§ **Source material**:
::::::::
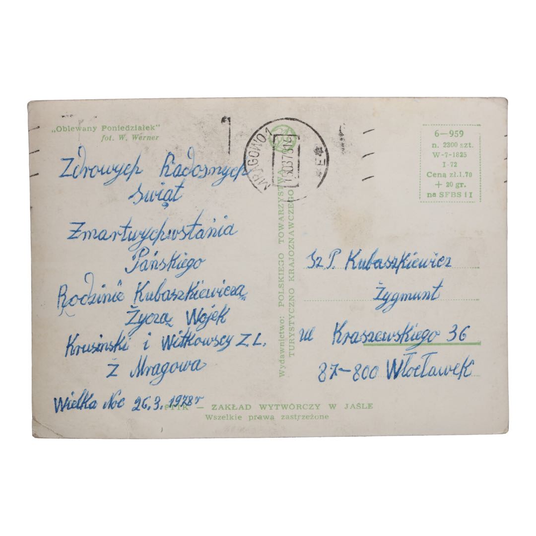 Zanurz się w nostalgicznej atmosferze polskich świąt wielkanocnych dzięki naszej wyjątkowej pocztówce świątecznej przedstawiającej Lany Poniedziałek z okresu PRL. Ta wyjątkowa pocztówka, która odtwarza sceny z tradycyjnych obchodów Lanego Poniedziałku, to idealny sposób na podzielenie się świąteczną radością z bliskimi.
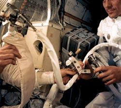 А вот на кораблях «Джемини» и «Аполлон» был применен иной подход к обеспечению кислородом. Его хранили в жидком виде и подавали для дыхания через контур газификации. Одновременно кислород использовался в топливных элементах для выработки электроэнергии в прямой реакции с водородом. Так же устроено снабжение кислородом и на космических челноках «Спейс шаттл». У них нет солнечных батарей, так что кислород нужен не только для дыхания экипажа, но и для работы электрооборудования. Его запас в значительной мере определяет возможную продолжительность полета.
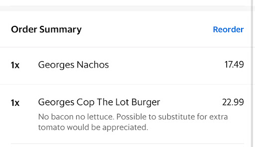 ย ย ย Read moreThrough Grab Food, I ordered the Georges Cop The Lot Burger on 10 March. Also ordered Georges Nachos. The nachos were very good. The chili that came with it was nice and the cheese that was melted on the chips I could tell was real and good quality cheese. It also came with some sour cream which is nice to dip.
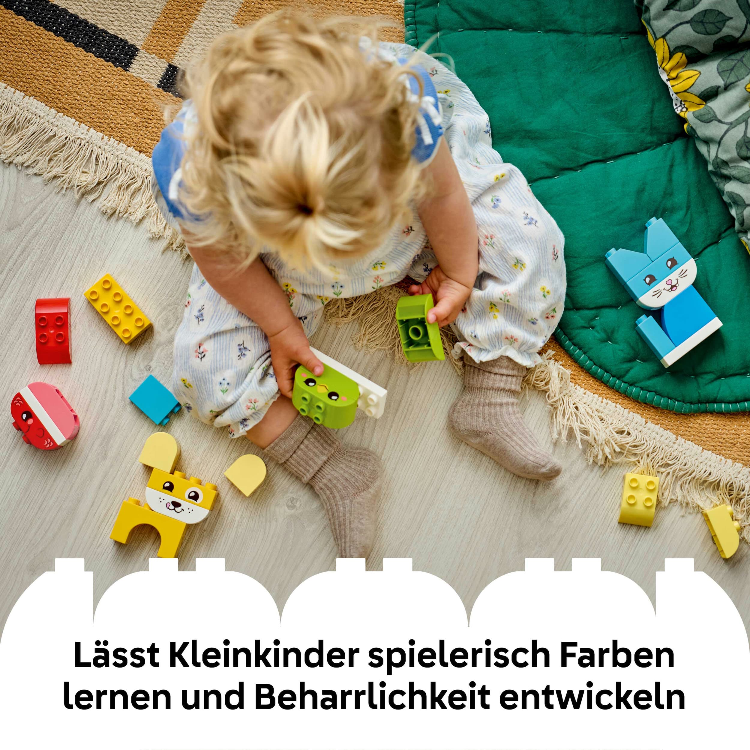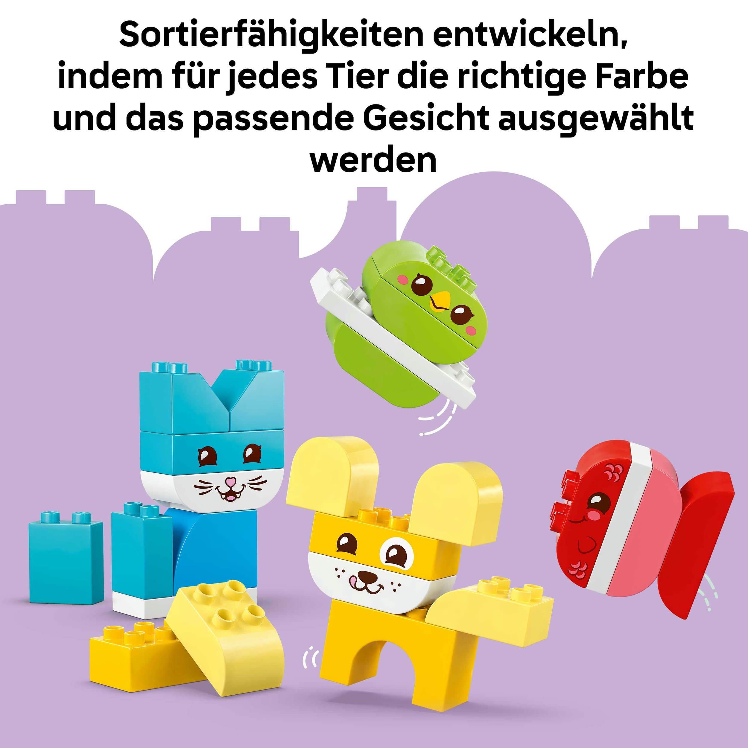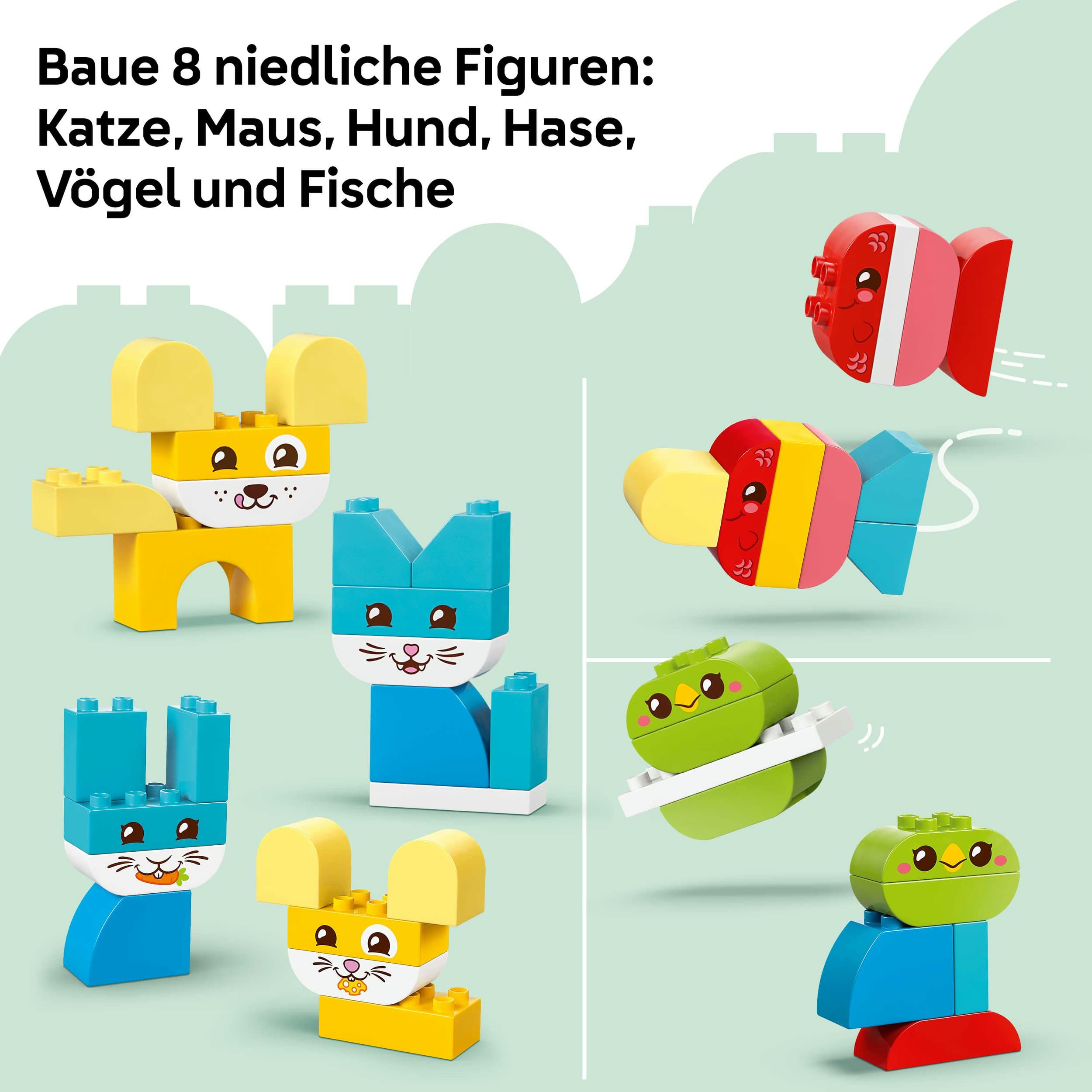 Die 24 gut greifbaren Bausteine wurden speziell für die kleinsten Kinder entwickelt. Kleine Baufans können diese Teile benutzen, um einen Hund, eine Katze, Vögel, einen Hasen, eine Maus und Fische zu bauen. Einige dieser Spielzeugtiere für junge Kinder werden mit einfarbigen LEGO DUPLO Bausteinen dargestellt. Kleine Baufans lernen das Sortieren nach Farben, um ihr Tier zu erschaffen. Wenn sie der Figur dann noch ein freundliches Gesicht aufstecken, ist ihr niedliches Tier fertig.
::::::::
§ **Work to be completed**: What you give back must be exactly the lines of the listing above from the line containing "ย ย ย Read moreThrough" through its last line, inclusive, without pictures, please.

§ **Reply to the task**:
 ย ย ย Read moreThrough Grab Food, I ordered the Georges Cop The Lot Burger on 10 March. Also ordered Georges Nachos. The nachos were very good. The chili that came with it was nice and the cheese that was melted on the chips I could tell was real and good quality cheese. It also came with some sour cream which is nice to dip.
 Die 24 gut greifbaren Bausteine wurden speziell für die kleinsten Kinder entwickelt. Kleine Baufans können diese Teile benutzen, um einen Hund, eine Katze, Vögel, einen Hasen, eine Maus und Fische zu bauen. Einige dieser Spielzeugtiere für junge Kinder werden mit einfarbigen LEGO DUPLO Bausteinen dargestellt. Kleine Baufans lernen das Sortieren nach Farben, um ihr Tier zu erschaffen. Wenn sie der Figur dann noch ein freundliches Gesicht aufstecken, ist ihr niedliches Tier fertig.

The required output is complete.